That's just what I mean. Here's our four year old typing out something and then I will show him how to do " submit reply": 



hello my name is Donny. I am four years old. I can use paint, word, excel, google earth, email, and chess.

Middle c is the dividing line between bass and treble clef. bye.


----------



## Happyfamily

This was his spelling/science lesson today. It is our second day with the Periodic Table of Elements:



> The sun is burning hydrogen.
> But there is also a little bit of helium.
> The helium is burning too.
> Periodic table of elements.
> Hydrogen is number 1.
> Helium is number 2.
> Use google to find the periodic table.
> Hydrogen has atomic number 1.
> Helium has atomic number 2.
> Hydrogen symbol is H.
> Helium symbol is He.
> The periodic table starts with the lightest and ends with the heaviest elements.



I am so thrilled to be doing this! He just soaks everything up we put in front of him. My husband is teaching him to read sheet music on the piano. So we don't get it, really. We do not think he is exceptional. Smart, sure - but if we weren't teaching him he would be just like his four year old cohorts. 


We see that there is an enormous advantage in all of his teachers and administrators being one and the same. In school, he would have six teachers, another six administrators, a school board, etc. Each teacher has 30 students per class and multiple classes so the individual time they have for your child is nil. All these different people are not talking much to begin with, let alone talking about your child specifically. So how can it deliver to him maximally? 

The science teacher, math teacher, history, reading and arts teachers cannot co-ordinate the delivery like a single person can who knows where the student is at all points in these curricula. If you know exactly where he is then you can augment, expand, continue on, or whatever very efficiently. In the tub, the car, shopping, you know how to continue on with his studies in a fun way. Make it relevant to your daily lives. 

With public schools you have one or two hours of preparation and transportation time to and from school. Less if you live across the street from school, but right there is on the order of one more hour of sleep per day if you want. Homeschooling. I can empathize with the harried honors/advanced placement parents. If you have one less hour of sleep a day and are in this inefficient delivery system then it is extra hours of work at the same time you have one less hour of sleep.


----------



## SunnyT

Happy, you are doing home school as it should be done. There are many parents who SAY they are doing home school, but they aren't really doing anything. Remember that you can still utilize your public schools for extra-curricular opportunities as well as testing situations.
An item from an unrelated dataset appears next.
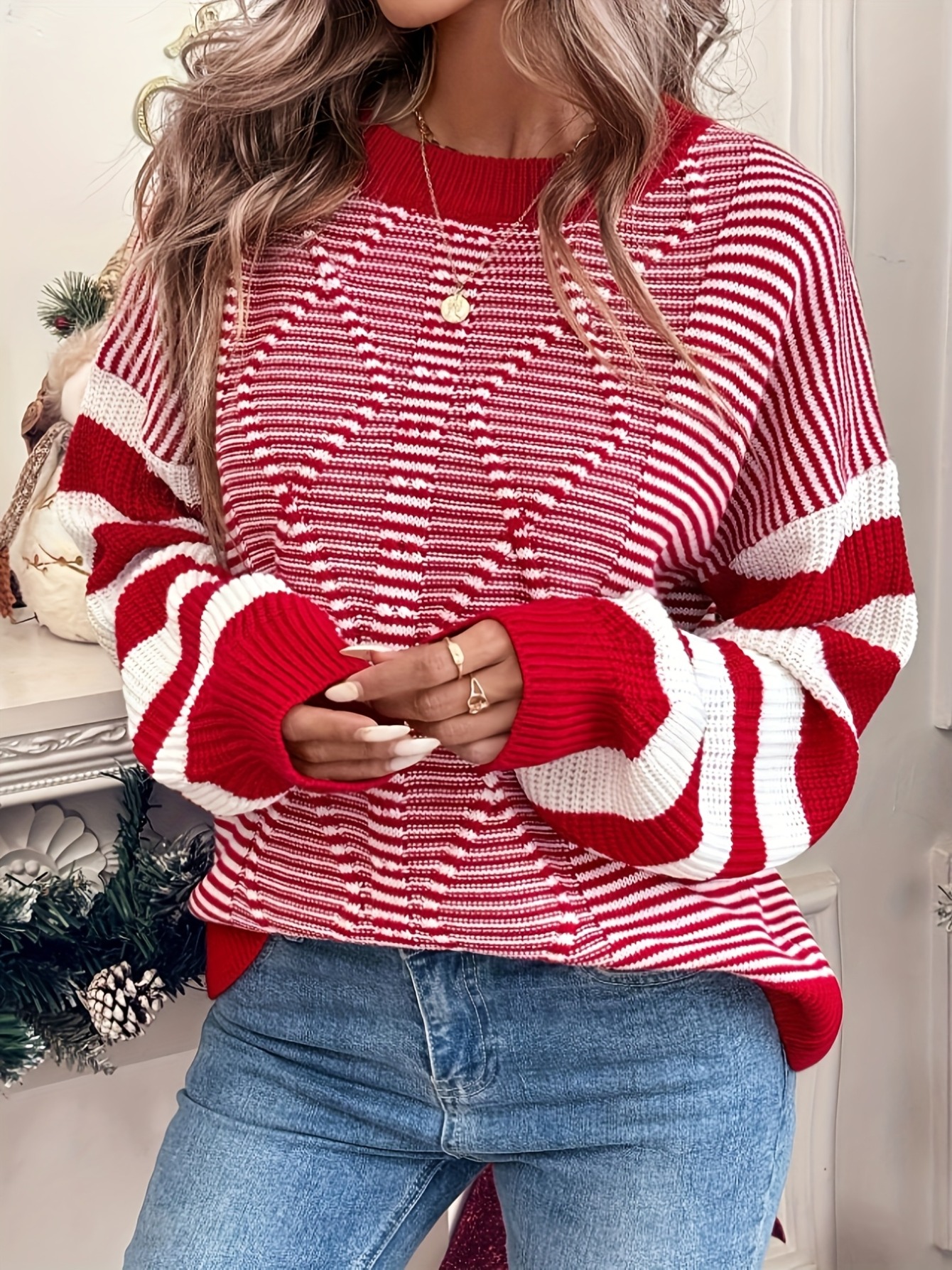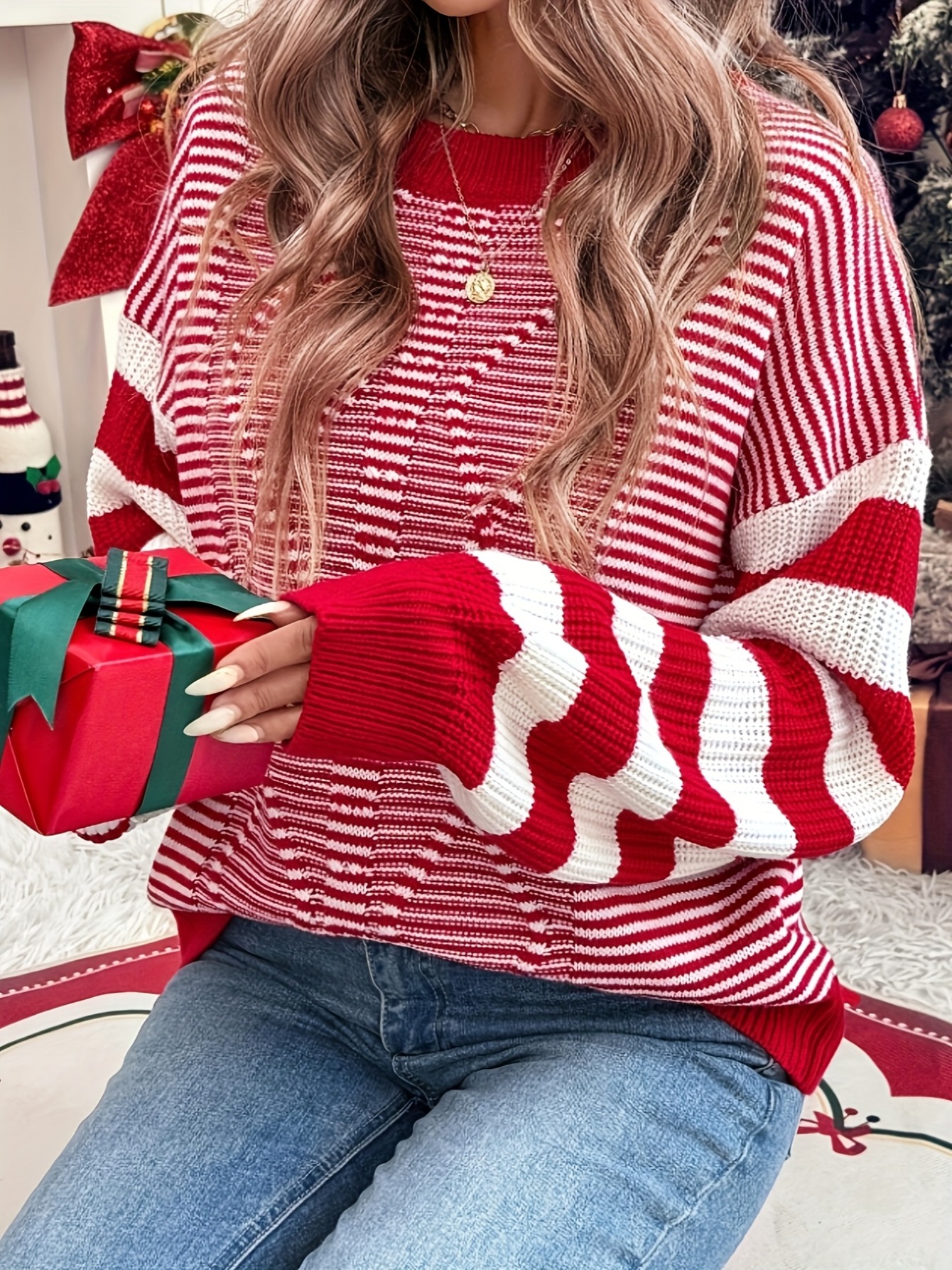 Women's Red & White Striped Sweater - Soft Stretchy Crewneck Sweater with Black Piping & Horizontal Stripes, Elegant Winter Sweater for Christmas Parties, Family Gatherings, Cozy Holiday Outfits (Pink/Beige/Brown/Navy) - Versatile

Your kid sounds gifted.... it might be good to know. Then you could research how to teach gifted kids...how to challenge them. Although you are doing that anyway.

As a parent of 5 (in a row) school costs ticked me off. I learned (figured out) how to figure out what the bottom line was on a project, then did it the cheapest way possible. Including mandatory science experiments. 

As a teacher.... I assign projects. It's Social Studies.... lots of interesting topics and I really want them to retain some of it! Not just the bright kids....they GET it. It's the others...the C students. Dragging up their background knowledge so we can connect it to the current topic can be sooooooooooooooooooo frustrating. So if I assign them to build a model of the Alamo, it's because I want them to "Remember the Alamo". See, there is a purpose. I do make it very open, they can build it out of any material as long as they can carry it and it fits through the door (yes, you have to say that for the over-acheivers' parents' sake!). 

Home school would be my first choice, when it's feasible. Montessori school would be my second choice. And public school is more than adequate if the parents stay involved. 

And... what do teachers do all day in a class with 25 children? Well, there are usually a handful who are independent and can/will learn under any conditions. Then there are all those middle students, who will learn as long as the teacher is constantly leading and facillitating (fair enough).... and there are a large number of low students who require a huge amount of planning, attention, more planning, etc.... and then there are a surprizing number of children with behavior problems. I'm sure that half of those could be handled with "hands-on" parents. Most of them aren't. We have to know who is medicated, and when they are off their meds. Who has problems at home that we should be extra sensitive about, who has been diagnosed with the infamous ADHD and who is just a kid who needs a spanking...... and the list goes on. 

This is not a poor-me deal. Just like in a marriage.... you embrace it, try to change it, work within it, or sit around griping.... it takes all kinds. 

I love my job tho!


----------



## MyHappyPlace

We just pulled our (newly) 6 year old daughter out of public school and enrolled her in K-12. It's a "public school" but online based and home taught. They send us all of the material she will need, including a computer (though she already has her own), and pay for our internet service if we require assistance. I teach her said material at our own pace and submit samples of her work. She takes all of the state mandated testing online or at the local library, and they sponsor various field trips throughout the year. 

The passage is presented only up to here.